Studio album by Crvena Jabuka
- Released: January 17, 1996
- Recorded: 1995
- Studios: Rockoko Studio, Zagreb
- Genre: Pop
- Length: xx:yy
- Label: Croatia Records / Tutico
- Producer: Nikša Bratoš

Crvena Jabuka chronology
| Ima nešto od srca do srca (1993) | U tvojim očima (1996) | Moje najmilije (1996) |

= U tvojim očima =

U tvojim očima is the sixth studio album by the Sarajevo band Crvena jabuka. The album was originally released on January 17, 1996.

== Background ==
In 1993, Žera took part in the first Bosnian selection for a representative at Eurovision with the song "Monroe". The song won the 4th place

In 1994, he moved to Croatia. The following year, he recorded a duet with Severina—song "Ti si srce moje" on her album Trava zelena.

==Content==
This album was the first to have Crvena jabuka in their new lineup. There were many songwriters on the album including Saša Lošić.

The album's hit single was "Sanjam te" which was performed by Dražen Ričl, and Aljoša Buha before their deaths in 1986. Then it was re edited by the rest of the band.

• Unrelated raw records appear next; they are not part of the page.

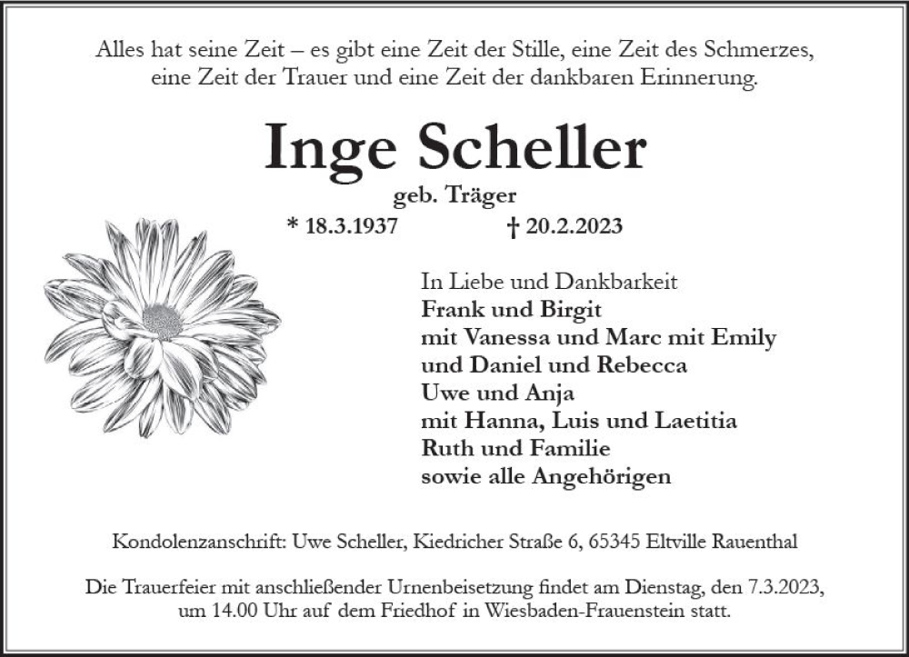 Hier finden Sie alle Traueranzeigen aus der Zeitung, die bisher für Inge Scheller erschienen sind. Weitere Traueranzeigen, die in der Zeitung erscheinen, werden hier ebenfalls aufgelistet
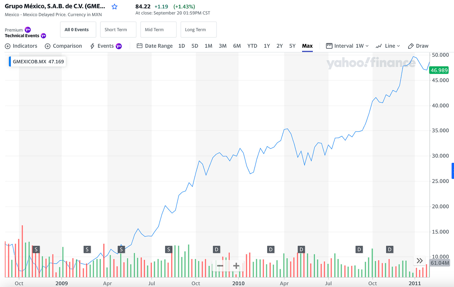 - Grupo México que pasó de estar en menos de $8 pesos en 2009 a más de $50 en 2010
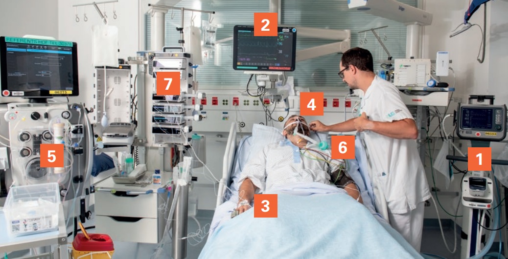 - Respirateur: appareil permettant la respiration artificielle en cas de troubles respiratoires ou de manque d’oxygène. Il est branché à un tuyau mis en place dans la trachée (6) (intubation). Lorsque la ou le patient est capable de maintenir sa respiration et son oxygénation à un niveau suffisant, le tuyau est retiré (extubation).
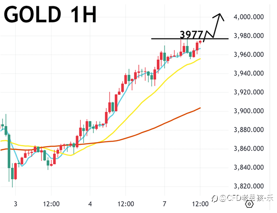 10/07 午盘策略:黄金/美日 美国政府持续停摆 日本选举结果令人意外 金价创历史新高 【基本面分析】 周一(6日)美国无重要经济数据公布。美国国会未能通过新一轮预算案,政府持续停摆,若时间拉长,或迫使美联储月底采取风险管理式降息。 美国政府停摆、美联储降息预期,帮助金价延续涨势,突破3900关口后仍不断刷新历史新高。 日本高市早苗胜出,其政策主张弱日元,打击加息预期,日元暴跌,推升美元。 【技术分析】 黄金一小时图,均线呈现多头排列,多方动能强劲,若多方攻势延续,再创波段新高,可伺机追多。 【操作建议】 Buy Stop3977 ,止损3970以下,目标3988-3989 以上纯属各人观点

There were some guest appearances on this album. First was Alen Vitasović on the song "Vraćam se tebi seko" as well as Saša Lošić on "Bijeli Bozić". Originally, Tifa was supposed to perform "Vraćam se tebi seko" with band, but it hadn't appeared. Version with Tifa leaked on the Internet many years later.

Although the album is called U tvojim očima, there is no such song on the album according to the track listing. Though the phrase is mentioned on some songs such as "Sanjam te", and "Kao da sanjam". Also what is unique about this album is that next to 1991's Nekako s' Proljeca it is missing the band's logo-a red apple.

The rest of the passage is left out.